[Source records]

____________

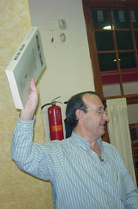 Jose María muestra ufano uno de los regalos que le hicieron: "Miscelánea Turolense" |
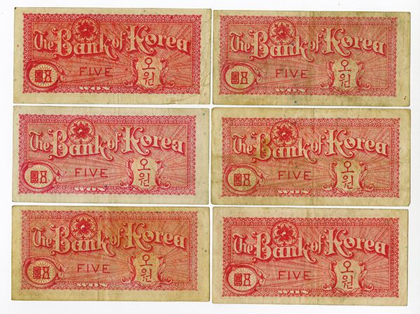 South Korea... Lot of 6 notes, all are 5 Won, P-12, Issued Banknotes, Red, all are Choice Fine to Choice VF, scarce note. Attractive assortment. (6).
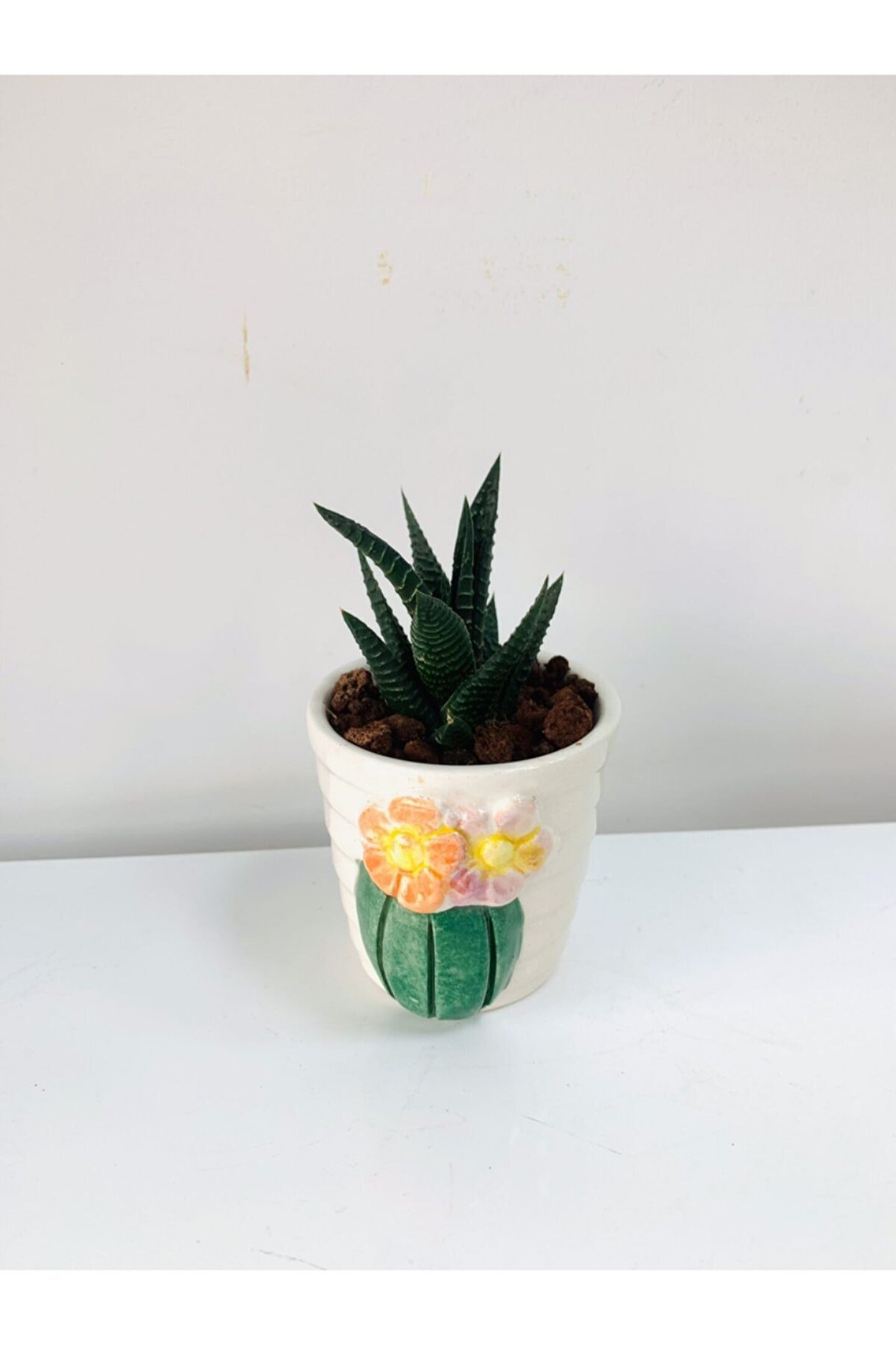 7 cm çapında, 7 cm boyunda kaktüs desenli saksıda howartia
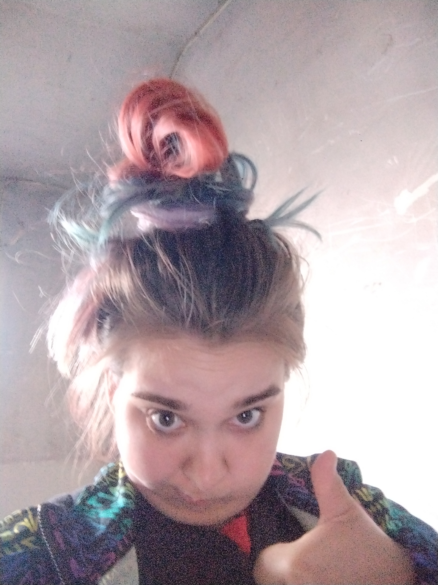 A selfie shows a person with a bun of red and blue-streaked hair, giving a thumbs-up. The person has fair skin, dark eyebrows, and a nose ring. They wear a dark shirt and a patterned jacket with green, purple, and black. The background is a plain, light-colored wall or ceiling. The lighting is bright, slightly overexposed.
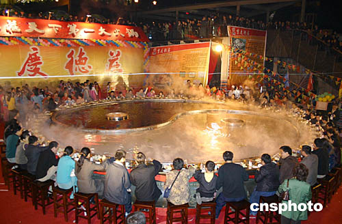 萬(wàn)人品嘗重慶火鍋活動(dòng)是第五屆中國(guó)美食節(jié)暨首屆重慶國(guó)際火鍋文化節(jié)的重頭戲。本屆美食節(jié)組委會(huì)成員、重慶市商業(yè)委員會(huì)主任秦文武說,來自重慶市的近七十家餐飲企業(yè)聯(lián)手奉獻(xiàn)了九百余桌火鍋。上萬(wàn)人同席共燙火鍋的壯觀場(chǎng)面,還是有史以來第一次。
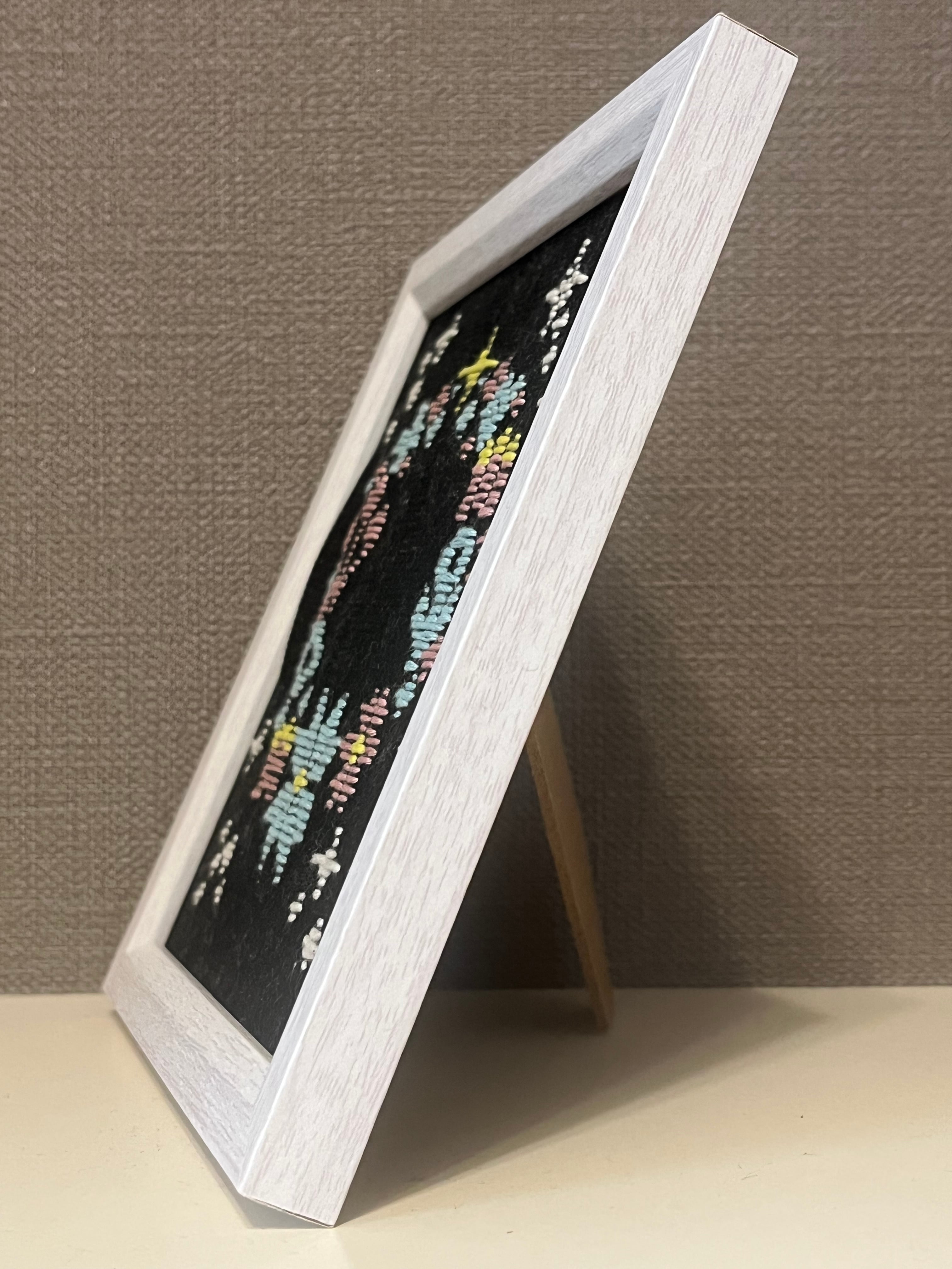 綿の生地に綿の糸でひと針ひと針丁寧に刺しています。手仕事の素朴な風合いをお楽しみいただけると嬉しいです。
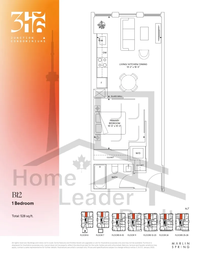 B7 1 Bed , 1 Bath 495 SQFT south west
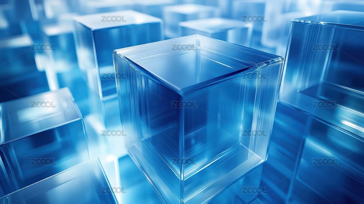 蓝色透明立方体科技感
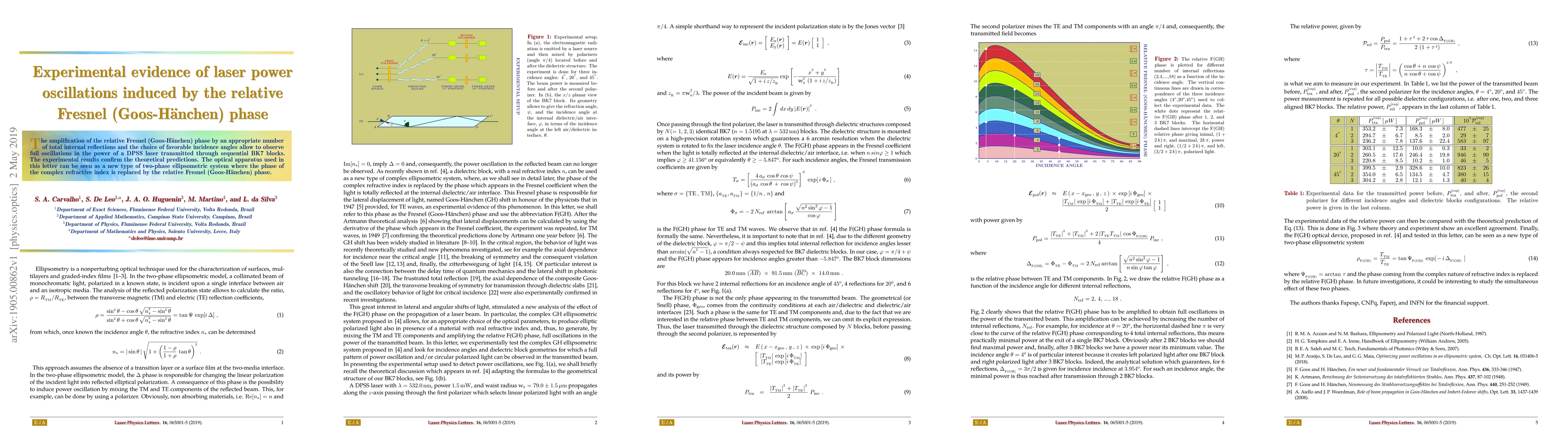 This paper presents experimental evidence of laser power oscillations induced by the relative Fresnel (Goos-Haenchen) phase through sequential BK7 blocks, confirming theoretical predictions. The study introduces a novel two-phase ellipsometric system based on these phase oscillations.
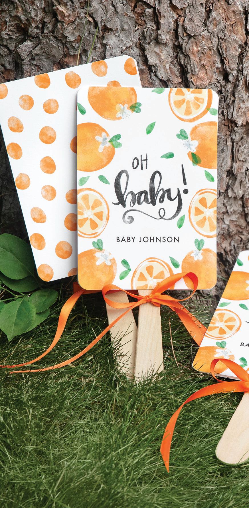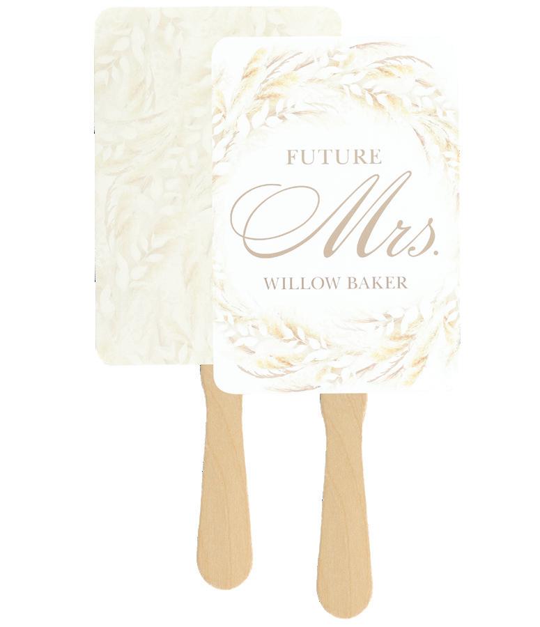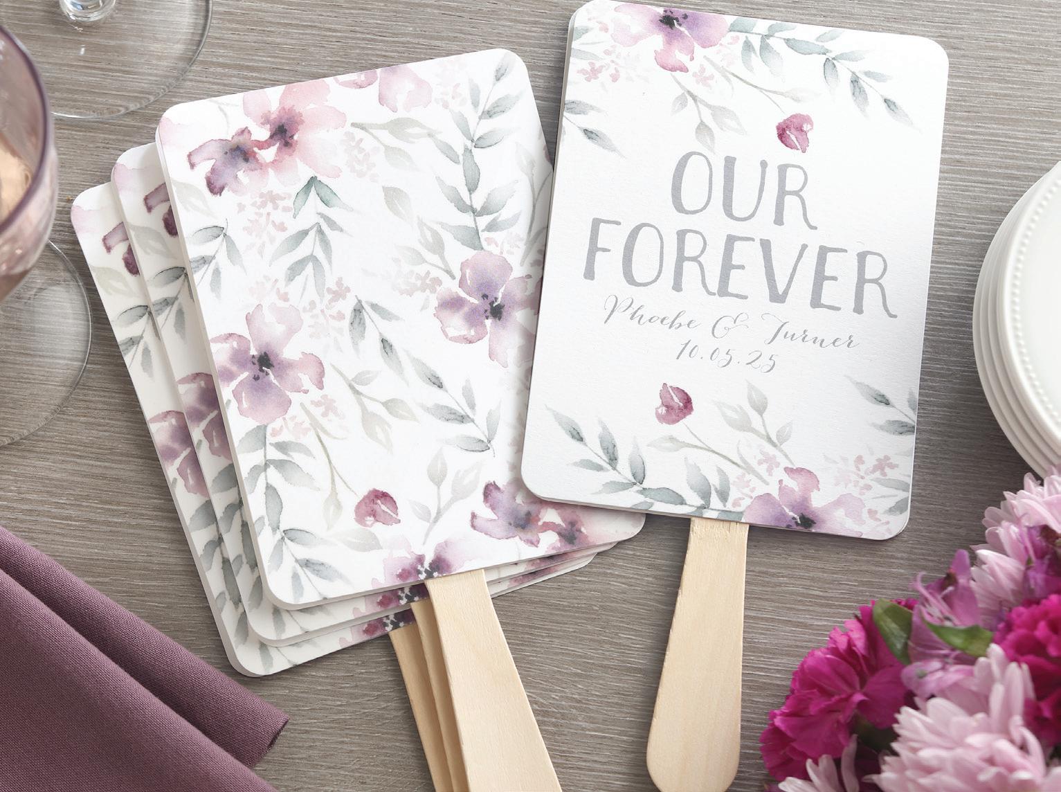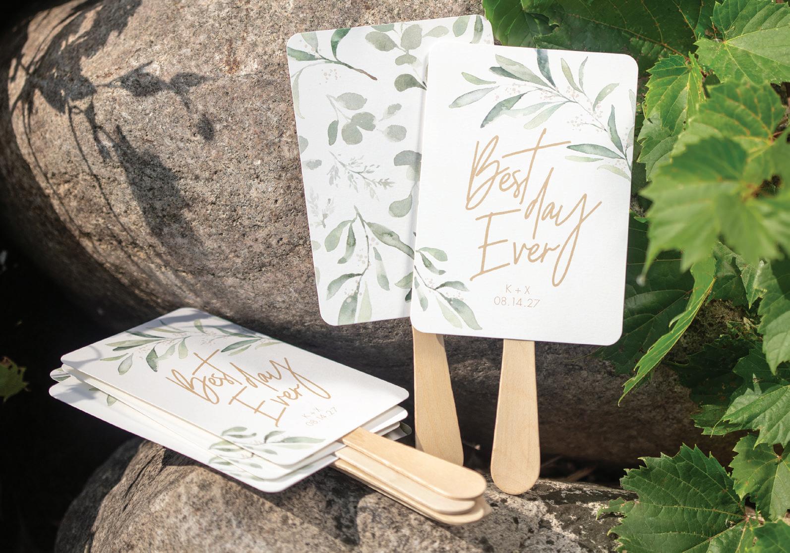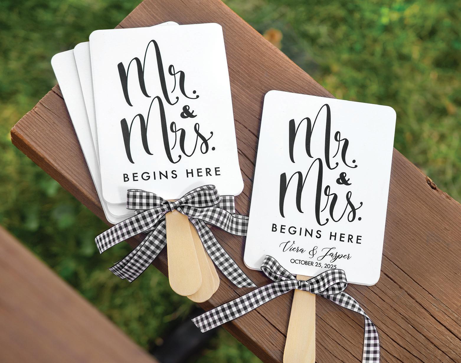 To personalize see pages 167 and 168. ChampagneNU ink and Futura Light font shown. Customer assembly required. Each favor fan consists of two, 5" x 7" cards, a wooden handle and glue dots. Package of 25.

____________

- _THE TASK_:
With pictures left out, transcribe each line from the one containing "This paper presents" through the end of the data, both ends included.

- _TASK SOLUTION_:
 This paper presents experimental evidence of laser power oscillations induced by the relative Fresnel (Goos-Haenchen) phase through sequential BK7 blocks, confirming theoretical predictions. The study introduces a novel two-phase ellipsometric system based on these phase oscillations.
 To personalize see pages 167 and 168. ChampagneNU ink and Futura Light font shown. Customer assembly required. Each favor fan consists of two, 5" x 7" cards, a wooden handle and glue dots. Package of 25.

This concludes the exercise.